- Dataset records -
★ ★ ★ ★ ★ ★ ★
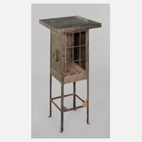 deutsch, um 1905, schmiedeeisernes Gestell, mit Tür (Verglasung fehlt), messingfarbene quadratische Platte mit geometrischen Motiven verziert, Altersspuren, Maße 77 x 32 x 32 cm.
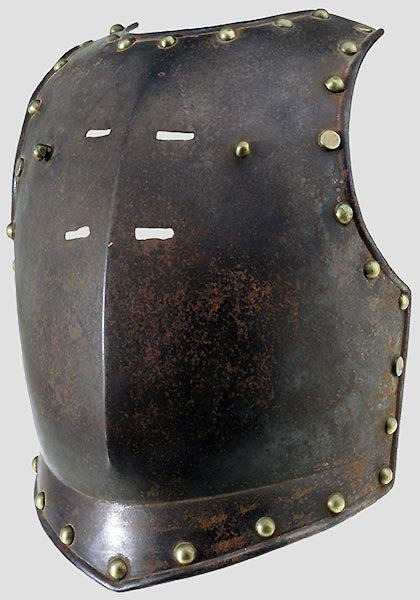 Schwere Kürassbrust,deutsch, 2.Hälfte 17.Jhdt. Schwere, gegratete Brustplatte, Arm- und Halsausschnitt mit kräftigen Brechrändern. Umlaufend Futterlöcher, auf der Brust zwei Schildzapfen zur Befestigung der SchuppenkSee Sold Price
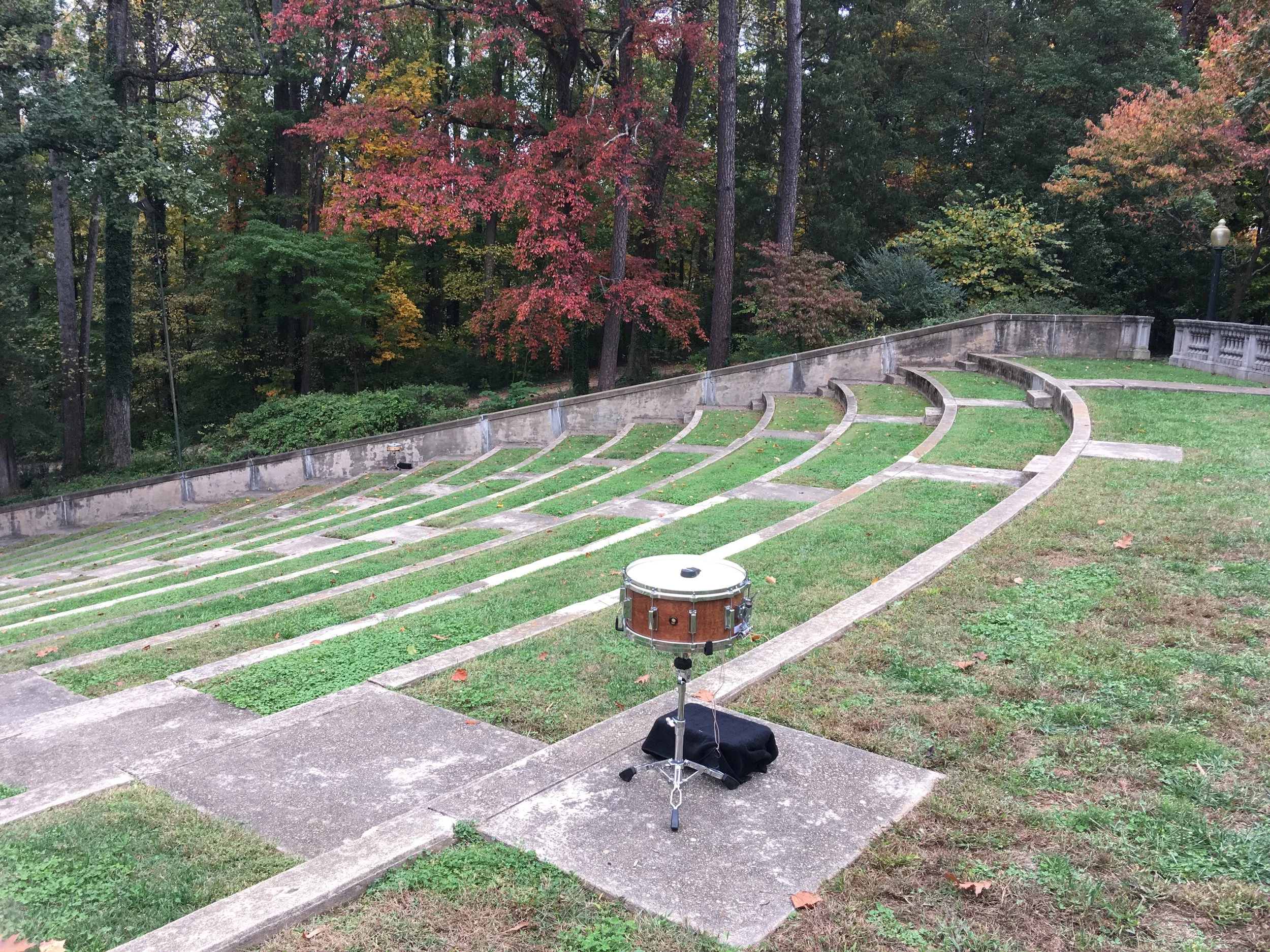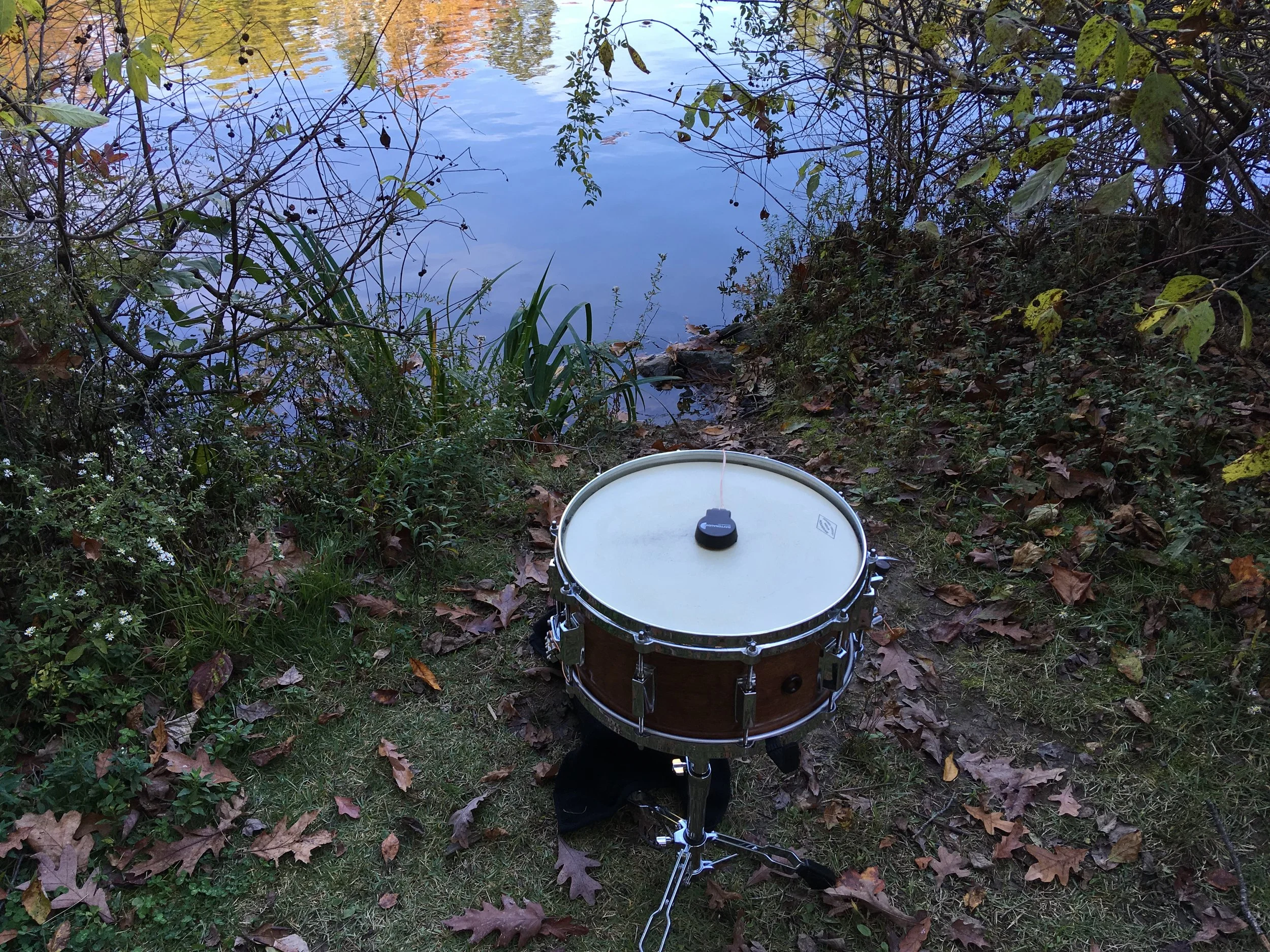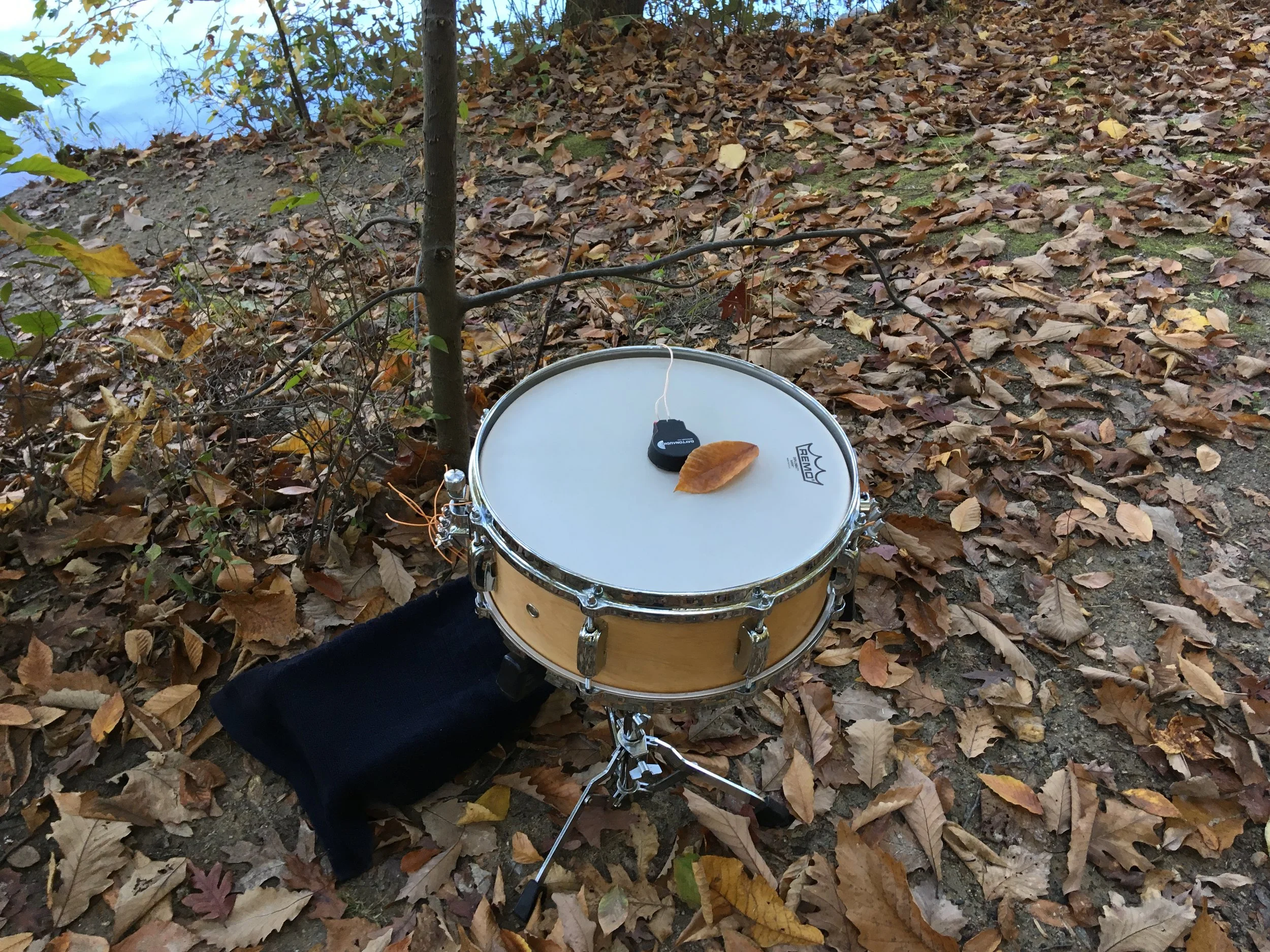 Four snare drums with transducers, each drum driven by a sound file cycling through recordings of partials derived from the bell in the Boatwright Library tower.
★ ★ ★ ★ ★ ★ ★
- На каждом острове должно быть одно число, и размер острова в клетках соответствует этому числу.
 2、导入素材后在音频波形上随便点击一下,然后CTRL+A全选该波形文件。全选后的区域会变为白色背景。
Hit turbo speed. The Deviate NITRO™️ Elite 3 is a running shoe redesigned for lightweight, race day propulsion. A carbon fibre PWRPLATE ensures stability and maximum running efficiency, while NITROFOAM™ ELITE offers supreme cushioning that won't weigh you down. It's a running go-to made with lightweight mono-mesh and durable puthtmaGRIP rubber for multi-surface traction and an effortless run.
★ ★ ★ ★ ★ ★ ★
Reproducing the whole listing above is not the task. Copy exactly only the lines from the one with "- На каждом" to the one with "Hit turbo speed.", both kept.

- На каждом острове должно быть одно число, и размер острова в клетках соответствует этому числу.
 2、导入素材后在音频波形上随便点击一下,然后CTRL+A全选该波形文件。全选后的区域会变为白色背景。
Hit turbo speed. The Deviate NITRO™️ Elite 3 is a running shoe redesigned for lightweight, race day propulsion. A carbon fibre PWRPLATE ensures stability and maximum running efficiency, while NITROFOAM™ ELITE offers supreme cushioning that won't weigh you down. It's a running go-to made with lightweight mono-mesh and durable puthtmaGRIP rubber for multi-surface traction and an effortless run.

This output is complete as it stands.